= Philip Thomas (diplomat) =

British diplomat (born 1948)

Sir Philip Lloyd Thomas, KCVO, CMG (born 1948) is a retired British diplomat.

Thomas graduated from St John's College, Cambridge, and entered HM Diplomatic Service in 1972, being appointed Third Secretary at the Foreign and Commonwealth Office (FCO).

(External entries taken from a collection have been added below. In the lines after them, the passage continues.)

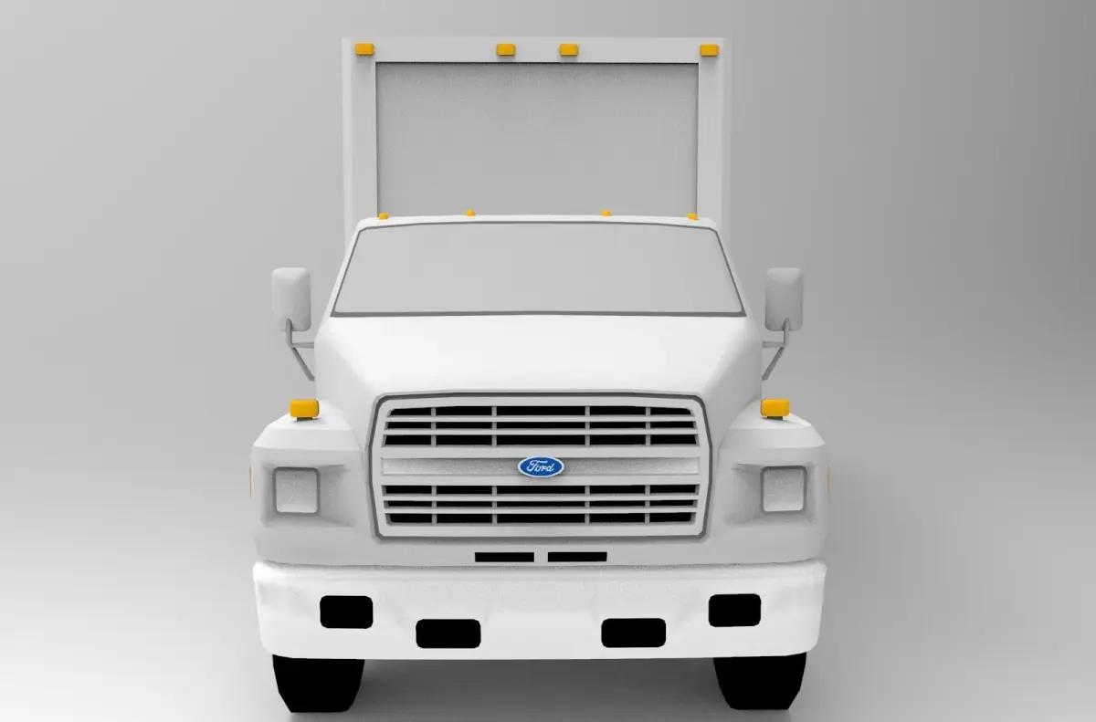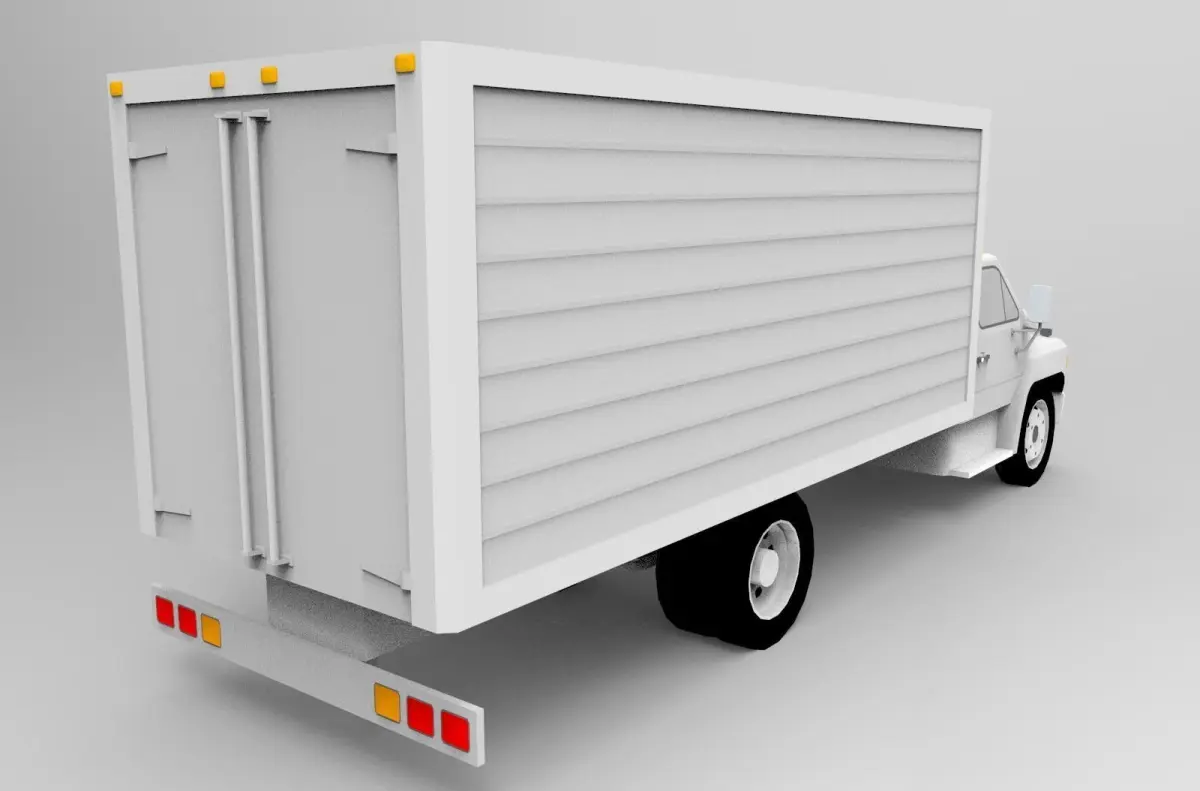 This is a 3d model truck box with a box on the back of the car to store goods and objects that will be sent between cities with a box of 5x2x2 Meters of sufficient capacity as an freight expedition, with a minimalist and simple design.
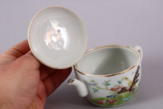 A CHINESE FAMILLE ROSE PORCELAIN TEAPOT, COVER & SAUCER DISH, each decorated in a similar way depicting butterflies in landscape settings, the teaport with an iron red seal mark to base, the saucer with iron red bats and seal, teapot: 13.5cm wide, the saucer 16cm diameter.
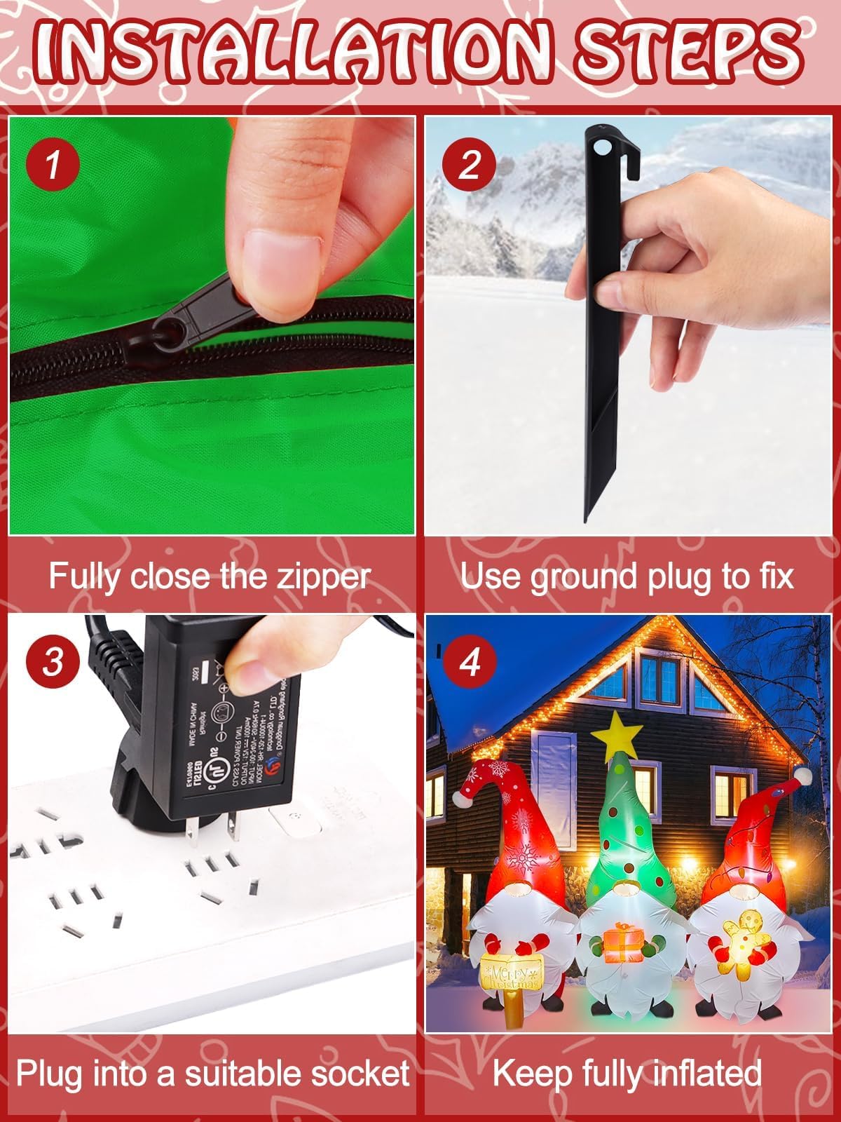 • 【Large Christmas Inflatable Decoration】 3 Christmas gnomes holding Christmas signs, gifts and gingerbread men in their hands, measuring 7.4*2.3* 6.2FT. In addition to the blower, transformer and storage box, it comes with 6 stakes, 2 hooks, 2 ropes, 2 patches and 3 sandbags to secure it to the ground or wall. Don't worry about whether the inflation will be blown away by the wind.

In 1974, he was posted to the British Embassy in Belgrade as a Second Secretary, but returned to the FCO three years later. In 1981, he was appointed First Secretary at the British Embassy in Madrid. He then served with the United Kingdom's representation to the European Communities from 1987 to 1989. After two years in the Cabinet Office, he was a Counsellor in the British Embassy in Washington from 1991 to 1996, when he became Head of the Eastern Department at the FCO. In 1999, he was appointed British Consul-General in Düsseldorf, and in 2001 High Commissioner to Nigeria in succession to Sir Graham Burton. He spent two years as the British Consul-General in New York (2004–06), before leaving the service; he was succeeded as Consul-General by Sir Alan Collins.

The last nine years of his career was spent in the private sector in advisory roles with Shell and Permian Global.

Thomas was appointed Companion of the Order of St Michael and St George in the 2001 New Year Honours; two years later, he was appointed Knight Commander of the Royal Victorian Order.